First Look summarizes new working papers, case studies, and publications produced by Harvard Business School faculty. Readers receive early knowledge of cutting-edge ideas before they enter the mainstream of business practice. For complete details on faculty research, see our Working Papers section.
April 14, 2009
Sovereign wealth funds (SWFs) hold a certain sway in the global financial system—to the tune of assets estimated at $3.5 trillion in 2008. Yet such funds often remain mysterious because so little information is publicly available. HBS professor Josh Lerner and colleagues in their new working paper, "The Investment Strategies of Sovereign Wealth Funds" [PDF], investigate the objectives and constraints of such funds. The bottom line: "SWFs seem to engage in a form of trend chasing, since they are more likely to invest at home when domestic equity prices are higher, and invest abroad when foreign prices are higher," they write.

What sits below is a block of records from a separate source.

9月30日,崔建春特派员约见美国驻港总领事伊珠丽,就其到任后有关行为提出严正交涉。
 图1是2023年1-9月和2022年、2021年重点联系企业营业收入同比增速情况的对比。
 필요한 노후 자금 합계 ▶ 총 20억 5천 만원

Lean principles are the tenets of the Toyota Production System known in manufacturing as TPS. Do they help in service contexts, too? HBS doctoral student Bradley R. Staats and Professor David M. Upton put lean principles to the test at a large Indian software vendor, and saw improvement in problem solving, coordination, and standardization of work. Their working paper, newly revised, is titled "Lean Principles, Learning, and Software Production: Evidence from Indian Software Services" [PDF].
Other publications and cases cover a diverse range of topics from psychology to real estate.

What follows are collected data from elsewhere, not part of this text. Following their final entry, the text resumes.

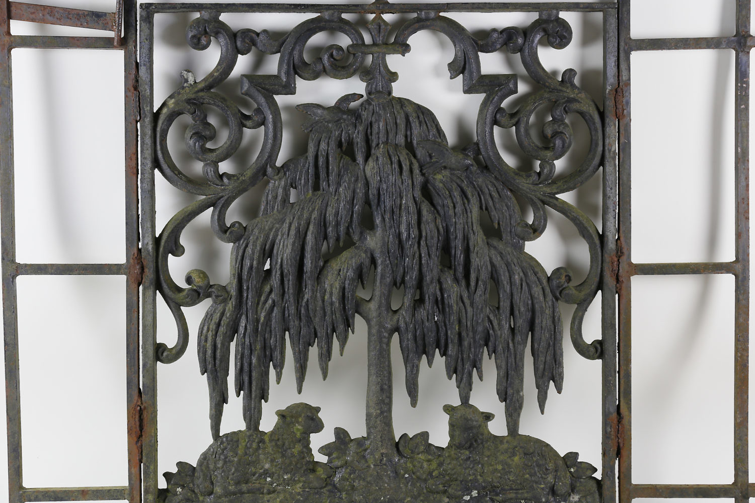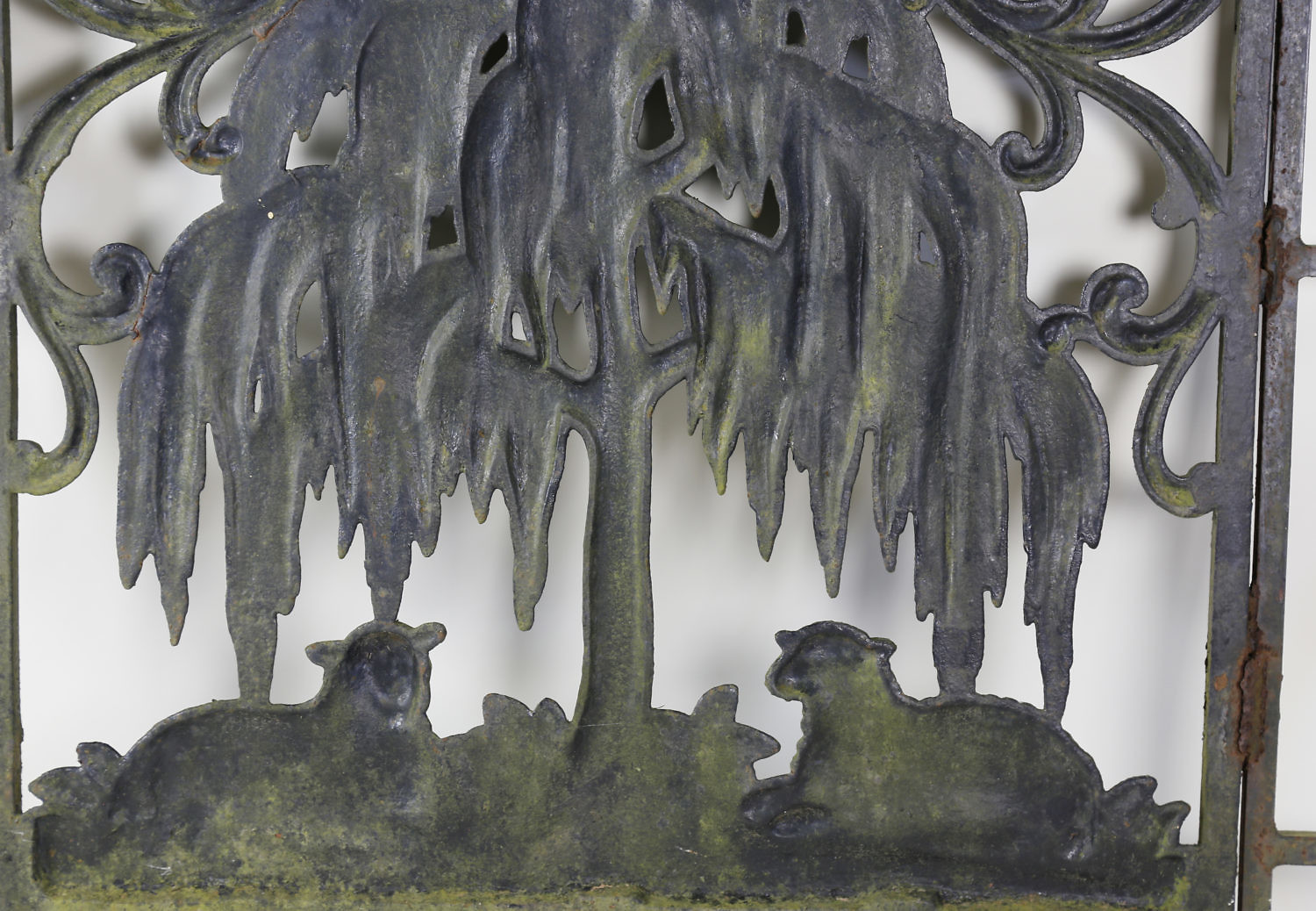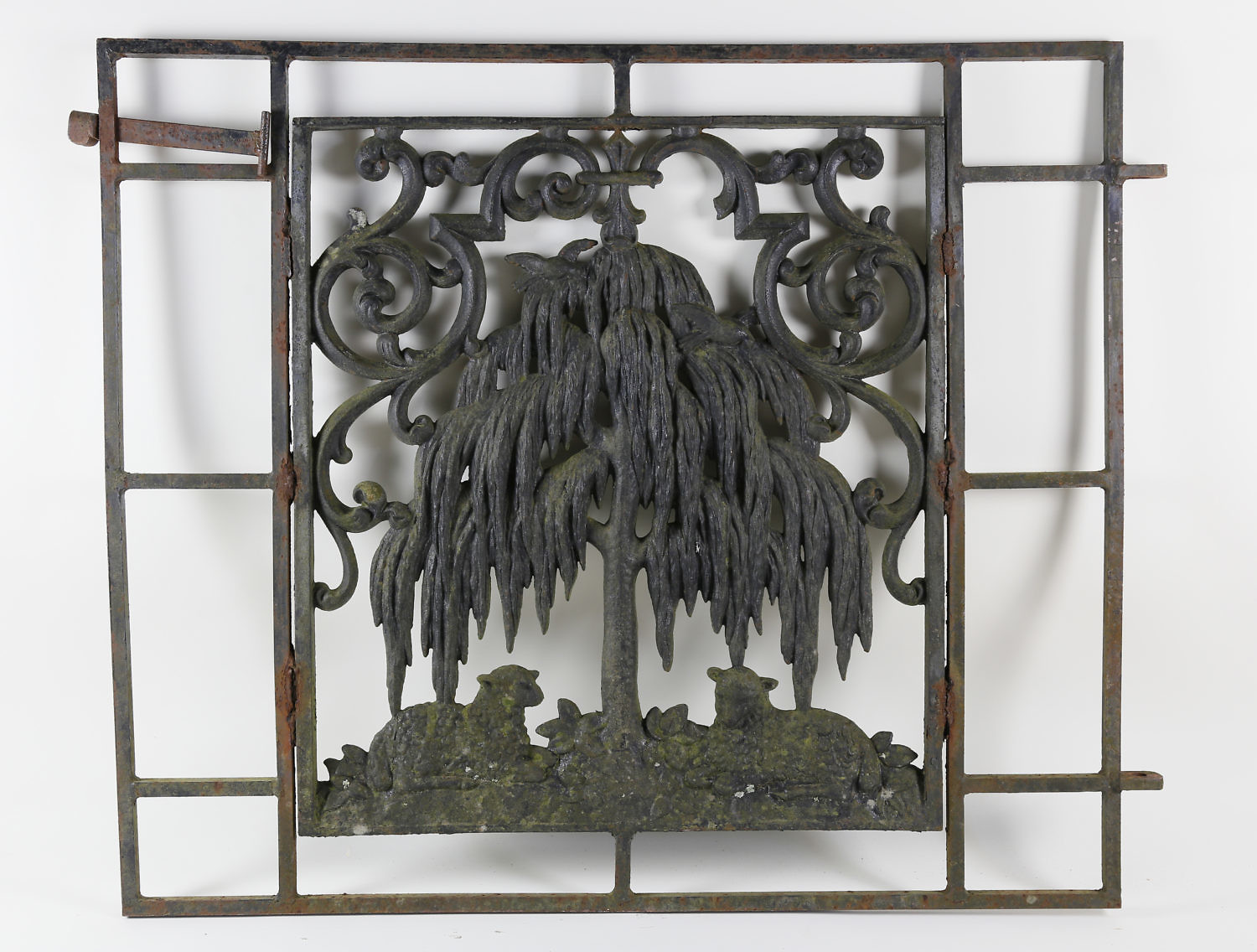 American Cast Iron Gate, circa 1820-1840 Consign Now DeptFurniture/Decorative ArtsSize36 ¾ in. x 42 ½ in. Sold for $4,063 American Cast Iron Gate, circa 1820-1840, reclining sheep under a large weeping willow tree and birds within scrolls. 36 ¾ in. x 42 ½ in. Please note that this auction has ended. Click here for an overview of this auction.
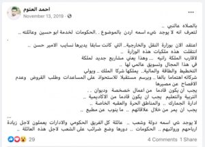 وفي منشورَيْن آخرَيْن، علّق على حالة الفقر في الأردن، وفي أحد المنشورات، زعم حكم المحكمة أنه ألمح إلى أن السلطات الأردنية تعتقل من يُبلغون عن الفساد.
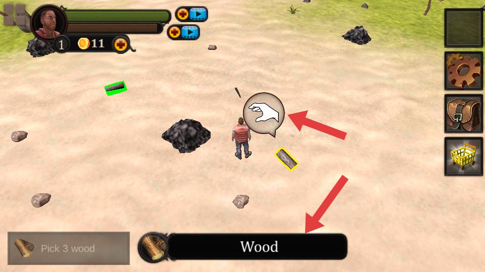 2、在島嶼場景,靠近木材等資源,出現手型圖標時點擊,收集Wood等生存物資。
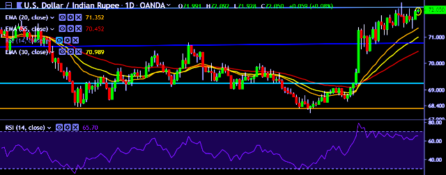 We prefer to take long position on USD/INR around 72.00, stop loss 71.70 and target of 72.23/72.68.

The Investment Strategies of Sovereign Wealth Funds
|Authors:||Shai Bernstein, Josh Lerner, and Antoinette Schoar|
This paper examines the direct private equity investment strategies across sovereign wealth funds (SWFs) and their relationship to the funds' organizational structures. SWFs seem to engage in a form of trend chasing, since they are more likely to invest at home when domestic equity prices are higher, and invest abroad when foreign prices are higher. Funds see the industry P/E ratios of their home investments drop in the year after the investment, while they have a positive change in the year after their investments abroad. SWFs where politicians are involved have a much greater likelihood of investing at home than those where external managers are involved. At the same time, SWFs with external managers tend to invest in lower P/E industries, which see an increase in the P/E ratios in the year after the investment. By way of contrast, funds with politicians involved invest in higher P/E industries, which have a negative valuation change in the year after the investment.

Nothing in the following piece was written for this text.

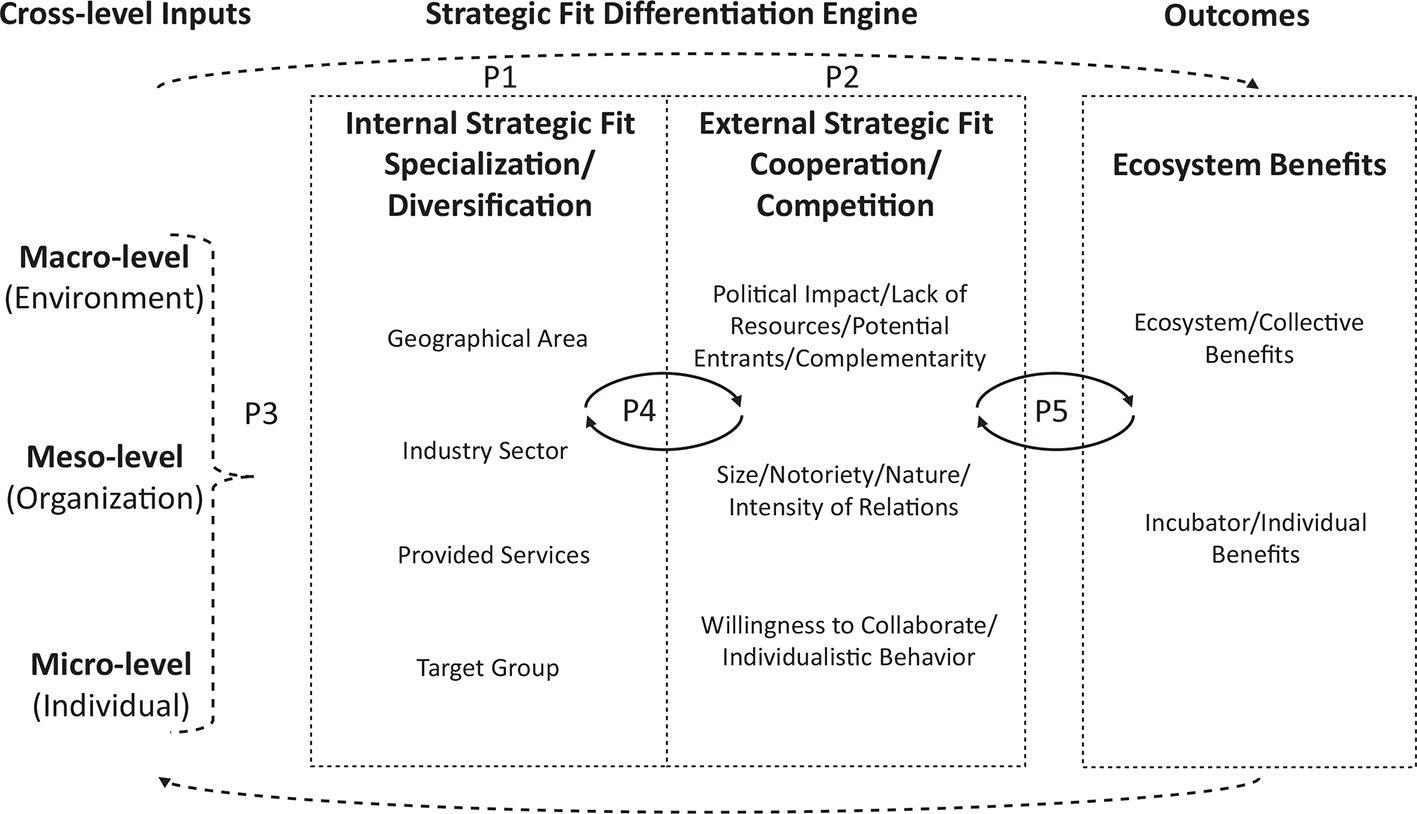 Proposition 5: An ideal strategic fit differentiation engine driven by environmental, organizational, and individual specificities contributes to enhance both incubator and ecosystem benefits within the entrepreneurial support ecosystem, which, in turn, contribute to evolve the strategic fit differentiation engine.
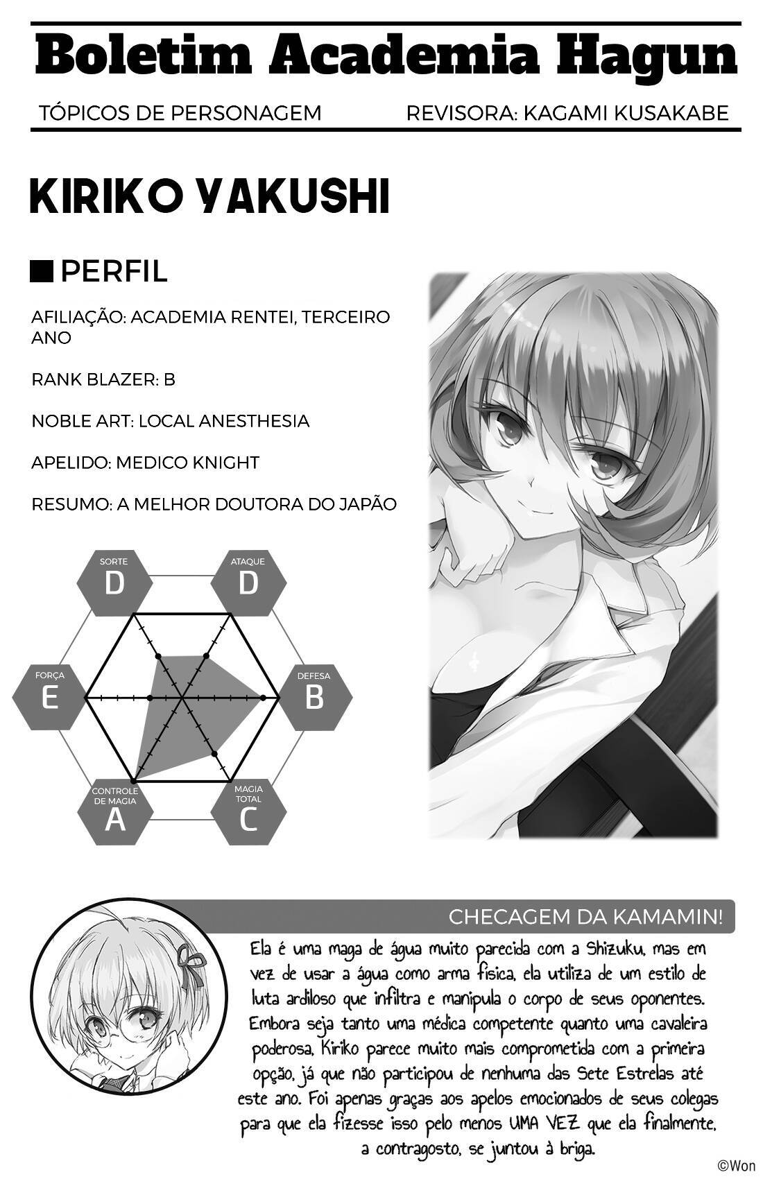 “Sim. Nós, Blazers, podemos usar Noble Arts, que são essencialmente magia. A habilidade de devorar a magia de outros Blazers dessa forma dá a ele uma vantagem incrível sobre quase qualquer pessoa. O gelo de Lorelei, o fogo da Princesa Carmesin, o vento do Gale Sword Emperor — nada disso funciona no Moroboshi. O seu Tiger King pode simplesmente devorar tudo.”

Download the paper: http://www.hbs.edu/research/pdf/09-112.pdf
Monopolistic Competition Between Differentiated Products with Demand for More Than One Variety
We analyze the existence of pure strategy symmetric price equilibria in a generalized version of Salop's (1979) circular model of competition between differentiated products—namely, we allow consumers to purchase more than one brand. When consumers purchase all varieties from which they derive non-negative net utility, there is no competition, so that each firm behaves like an unconstrained monopolist. When each consumer is interested in purchasing an exogenously given number (n) of varieties, we show that there is no pure strategy symmetric price equilibrium in general (for n > 2 with linear transportation costs). In turn, if the limitation on the number of varieties consumers purchase comes from a budget constraint, then we obtain a multiplicity of symmetric price equilibria, which can be indexed by the number of varieties consumers purchase in equilibrium.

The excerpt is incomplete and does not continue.